Defects in Manufacturing
A well-designed product can still cause grievous harm if the product is not manufactured properly. In these cases, the manufacturer can be liable for injuries caused by the poorly manufactured product if a jury finds that there was a defect in manufacturing.
What is a Defect in Manufacturing?
A defect in manufacturing is one that the manufacturer did not intend. Technically, a product "contains a manufacturing defect when the product departs from its intended design even though all possible care was exercised in the preparation and marketing of the product."
This means that it does not matter how careful the manufacturer was when designing products, choosing materials, creating the assembly line, and issuing quality assurance guidelines. If a poorly manufactured product left the factory and the caused injury when used for any of its intended purposes due to the defect in manufacturing, the manufacturer has to pay for any injuries. This is an example of the legal principle known as "strict liability."

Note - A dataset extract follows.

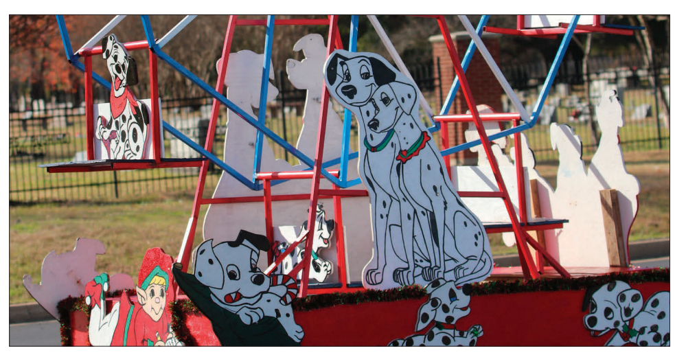
Grand Marshal - 2nd Place - U-Rent It Sales and Service

Challenges in Proving Manufacturing Defects
It can be difficult to prove that there was ever a manufacturing defect. To illustrate this, consider an example. Suppose a car's braking system does not work properly and causes a plaintiff to have an accident. Even though the manufacturer of the car did not intend for the brakes to malfunction, and even though the manufacturer was not negligent in the design of the brakes, the strict liability doctrine in products liability law could render the manufacturer liable.
However, a plaintiff may have difficulty proving that a product caused the plaintiff's injuries. For example, even if a car had some defect in the braking system, the driver's poor reaction to driving conditions may have been the actual cause of an accident. A car may be so heavily damaged in an accident, for instance, that it is impossible to prove what caused the accident to occur.
In some instances, a plaintiff can rely on the "malfunction doctrine" to prove causation. Under this doctrine, if the circumstances of an accident indicate that a defect caused the accident, and the plaintiff can produce evidence that removes other possible causes, then the plaintiff can prove causation even if the product is damaged or destroyed. This doctrine is similar in application to res ipsa loquitur in the law of negligence.
In other words, the plaintiff can attempt to show that the very fact that he was in an accident proves that there was some defect in the brakes. If the brakes were properly designed, and there were no other external factors that could have caused the accident, then there must have been a defect in manufacturing.